All’ufficio elettorale del ministero dell’Interno operano in prima persona anche il vicepresidente del Senato Roberto Calderoli (per il leghista si tratta di una tradizione consolidata), il sottosegretario alla Presidenza del Consiglio Bruno Tabacci (Impegno civico), l’ex Guardasigilli Clemente Mastella e l’ex pm Antonio Ingroia, protagonista del processo Dell’Utri e presentatore con Marco Rizzo del simbolo ‘Italia sovrana e popolare’.

Le uniche forze politiche che hanno messo nel simbolo la propria famiglia europea sono FI (Ppe), Azione-Iv (Renew Europe), ‘Alleanza Verdi sinistra’ (Europa verde, European Green Party), Forza Nuova (Apf).

È  preponderante la personalizzazione della politica. Ben 26 simboli contengono il nome di un leader: Merlo (Maie), Calenda, Mastella, Salvini, Cateno De Luca, Giarrusso, Panzironi (Rivoluzione sanitaria), Pappalardo/Presutti (Gilet arancioni), Paragone (Italexit), Nappi (Naturalisti), Lista Pannella, Berlusconi, Adinolfi/Di Stefano (Alternativa per l’Italia), Lupi/Toti/Brugnaro, Musso (Forza del popolo), Di Maio (Impegno civico), Meloni, Papale (Luce del sud), Salvini-Berlusconi-Meloni (centrodestra all’estero), Sgarbi (Rinascimento), De Magistris, Peretti (Democrazia cattolica liberale), Cappato (Referendum e democrazia), Bonino, Palamara (Oltre il sistema) e Draghi (il simbolo è ‘Italiani con Draghi. Rinascimento’ ma a palazzo Chigi non sanno nulla di questo contrassegno).

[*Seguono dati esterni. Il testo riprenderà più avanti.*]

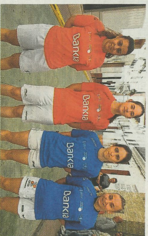
Alqueria d'Asnar i Bicorp A s'enfrontaran en la primera semifinal. FPV

en els obstacles del carrer, no aconseguien sumar res més positiu en la seua última partida del torneig. La classificació queda tal i com estava: Bicorp A en primera posició, seguit pel Beniparrell, mentre que Borbotó queda tercer, tancant les primeres posicions l'Alqueria d'Asnar. Les partides d'anada de semifinals tindran lloc el pròxim dissabte en el trinquet del club alacantí, i en elles s'enfrontaran Bicorp A amb l'Alqueria, i Beniparrell amb Borbotó.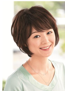
<ショートレイヤー>

Marco Cappato intende raccogliere le firme necessarie solo con modalità digitale. “Ci appelliamo al Presidente del Consiglio Mario Draghi perché le elezioni non siano antidemocratiche – dice Cappato ai giornalisti – servono 60mila firme distribuite in tutto il Paese per poter partecipare alle elezioni e chiediamo di poter utilizzare le firme digitali per rivitalizzare la democrazia. Come già accade per i referendum, le firme digitali devono essere valide per partecipare alle elezioni politiche. Noi raccoglieremo le firme solo in modalità digitale. Chiediamo a Draghi di equiparare referendum ed elezioni politiche”.

Entro il 16 agosto il Viminale deciderà in prima battuta sui ‘doppioni’: ci sono quattro Democrazie cristiane; due Pli; due ‘Sud chiama Nord’; due Unioni popolari con De Magistris; un Partito comunista italiano e un Partito comunista dei lavoratori; svariate liste che includono la parola ‘moderati’.

Gli interessati entro il 18 agosto potranno adeguarsi e modificare il simbolo contestato oppure presentare ricorso presso l’Ufficio elettorale nazionale presso la Corte di Cassazione.